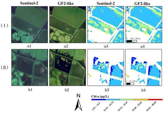 Detailed information, including image STF result and retrieved Chl-a in region I and II for 21 August 2019 ((a1) region I of Sentinel-2, (b1) region II of Sentinel-2, (a2) region I of GF2-like, (b2) region II of GF2-like, (a3) Chl-a result of region I of Sentinel-2, (b3) Chl-a result of region II of Sentinel-2, (a4) Chl-a result of region I of GF2-like after pixel correction, (b4) Chl-a result of region II of GF2-like after pixel correction).
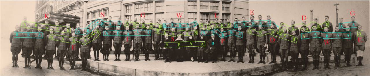 Особо дорогая для Фридмана фотография из 1918 года – с групповым снимком его первого большого курса офицеров-криптографов – это далеко не просто памятный снимок, который он всю жизнь держал на рабочем месте. Это тщательно выстроенное засекреченное послание, демонстрирующее всю мощь бэконовского метода шифрования «у всех на виду». В поворотах головы людей, которые смотрят либо прямо перед собой, либо в сторону, закодированы биты сообщения. Которое, при аккуратном разбиении битов на пятерки, складывается в буквы знаменитого девиза Фрэнсиса Бэкона, ордена розенкрейцеров и множества прочих мистиков-оккультистов древности: «KNOWLEDGE IS POWER», то есть «Знание это сила»…
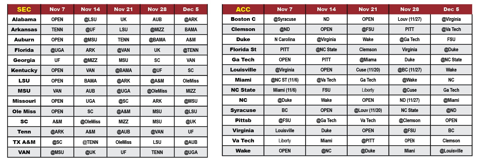 Football Schedule November 2020
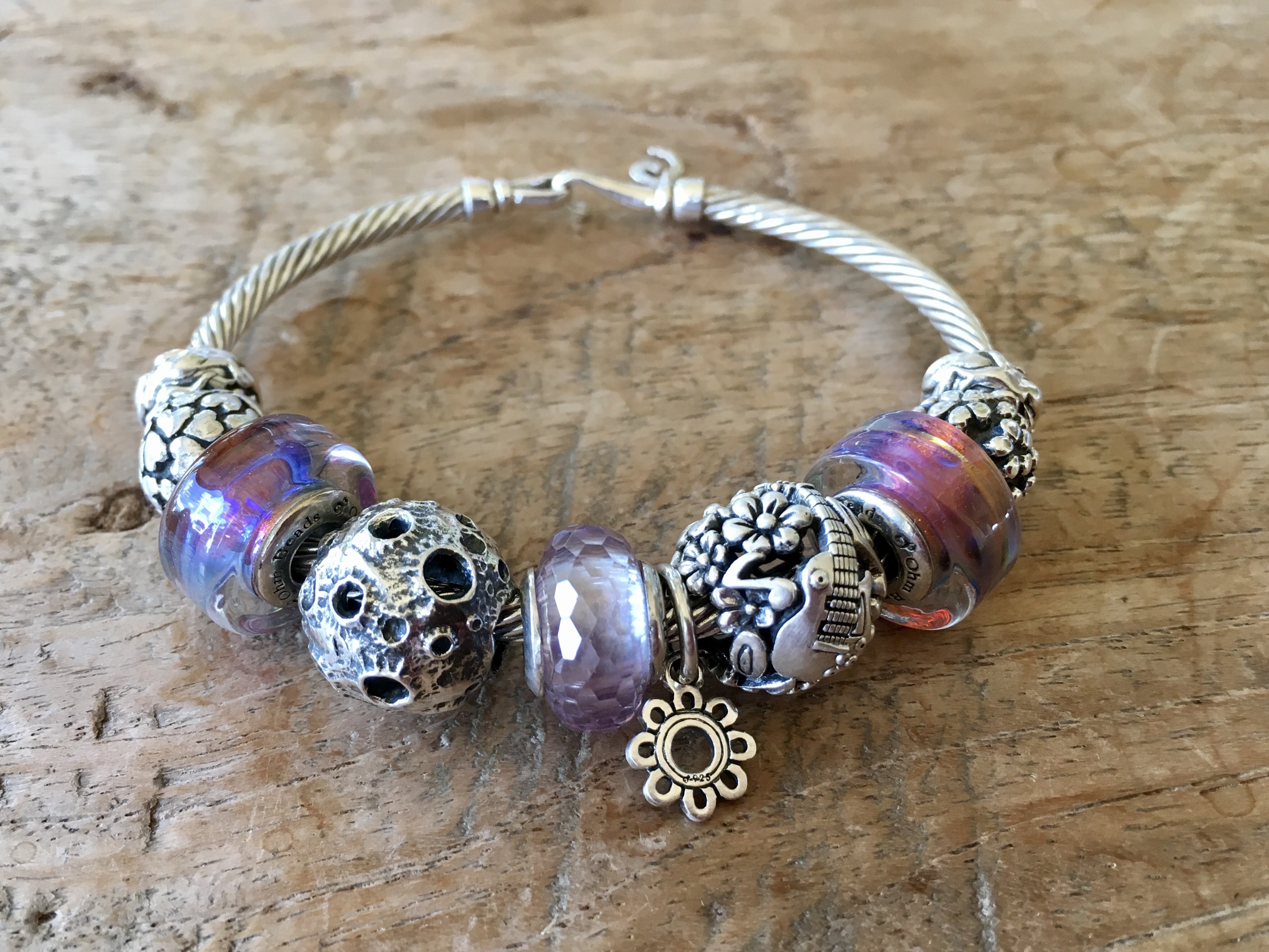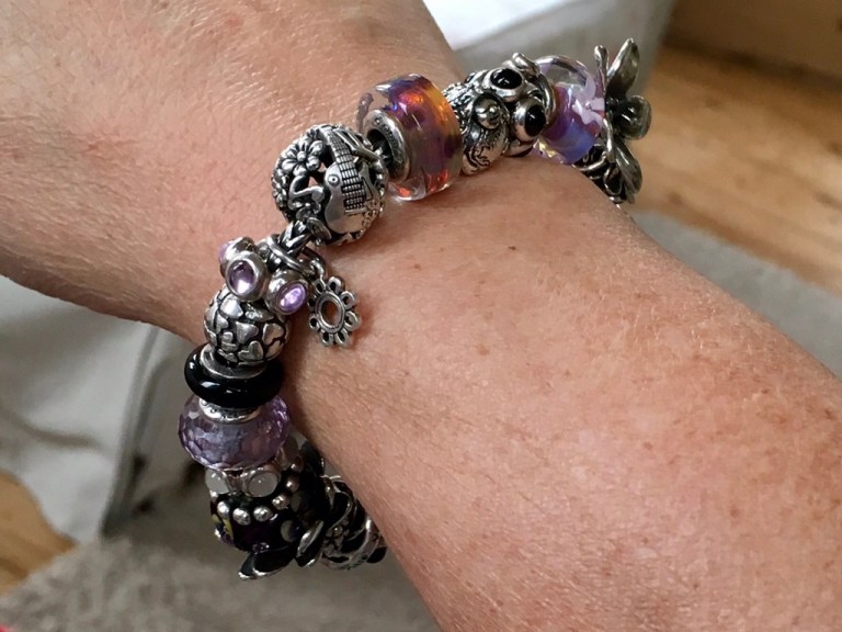 I had the hearts and flowers beads from Pandora, perfect! The Ohm beads Purple Haze is by far the most perfect to go with the theme!
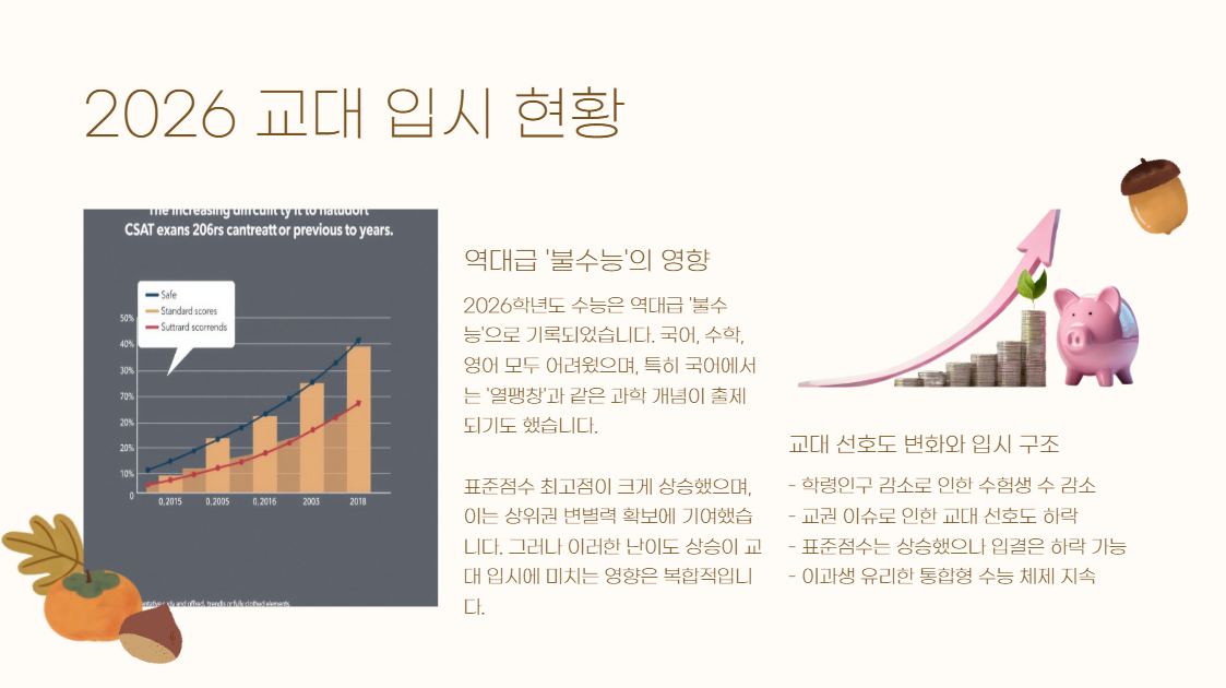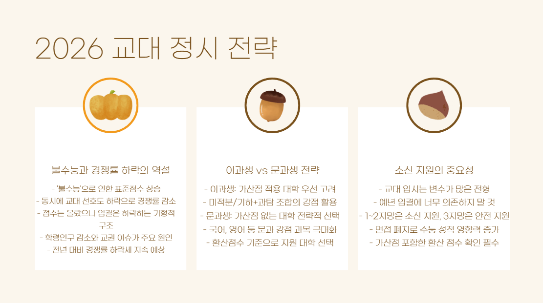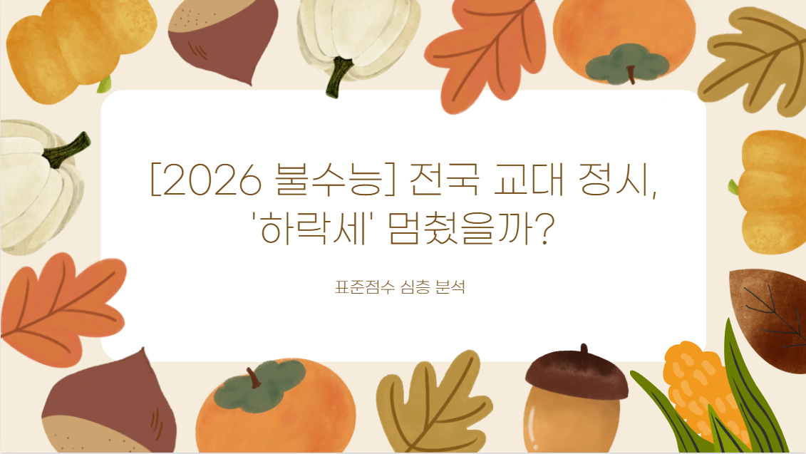 2026학년도 교대 입시는 '불수능으로 인한 표점 상승'과 '경쟁률 하락'이 동시에 작용하는 해입니다. 예전처럼 '올 1등급'이어야만 가는 곳은 아니지만, 그렇다고 '누구나' 갈 수 있는 곳도 아닙니다.

---------------

Exactly the lines from the one with "I had the hearts" through the end of the records are to be repeated, both ends included, and pictures are to be omitted.

 I had the hearts and flowers beads from Pandora, perfect! The Ohm beads Purple Haze is by far the most perfect to go with the theme!
 2026학년도 교대 입시는 '불수능으로 인한 표점 상승'과 '경쟁률 하락'이 동시에 작용하는 해입니다. 예전처럼 '올 1등급'이어야만 가는 곳은 아니지만, 그렇다고 '누구나' 갈 수 있는 곳도 아닙니다.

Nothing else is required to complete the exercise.